There are two obvious counter-claims to this legitimacy argument. First is the issue of intersectionality: SOCC’s alleged questioning was directed at a candidate who identified as both Jewish and of colour. Therefore, one might argue that SOCC should not have pushed the candidate on her Jewish identity since she is also a student of colour that SOCC claims to represent. The response to such a contention is simple; while SOCC might want to promote intersectional candidates, it has no prima facie obligation to do so. Given the group’s decision to double down on divestment, it is legitimate not to endorse a particular person if such an endorsement would have harmed SOCC’s agenda .

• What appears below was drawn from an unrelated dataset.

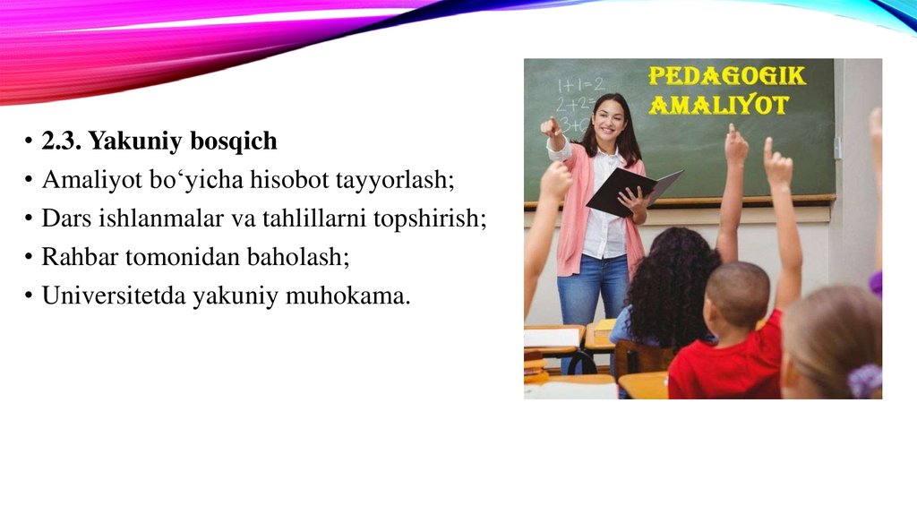 MAVZU REJASI:1. Pedagogik amaliyotni tashkil qilish

The second counter-claim constitutes a question of monopoly. One could argue that, because SOCC has a strong grip on Senate elections (empirically, this does seem plausible), it might have some duty to act more responsibly. However, a monopolistic player has no individual duty to weaken itself for some greater good. For example, it is plausible that the US might be justified in restricting cable monopolies in areas with little consumer choice, but implausible that Time Warner and Comcast are obligated to hand out free money of their own volition to their customers. The corollary in this situation would be Stanford’s forcing SOCC to splinter, for example, versus SOCC having some individual obligation to broaden its coalition beyond its advanced interests.
The somewhat ironic conclusion of this article, therefore, is that the same people who support heightened police profiling should recognise SOCC’s alleged behaviour as legitimate. Alternatively, those who believe that identity can never be used to exclude or single out people who have a greater likelihood of holding particular values must also condemn SOCC, to remain morally consistent. This article is not about whether SOCC should have done what it (allegedly) did; it suggests that SOCC can ethically ask questions based on identity. A right to do something does not imply that one should unreservedly do it. If such a conclusion seems unpalatable, perhaps it is only this more extreme case that emphasises a reality: identity politics is exclusionary and trades off opposing interests. If Stanford really were morally outraged by a group asking people about their faith, perhaps it is time to wave goodbye to identity politics in their entirety.
*Update: *This article has been corrected to clarify that the Coalition for Peace refused to compromise on divestment.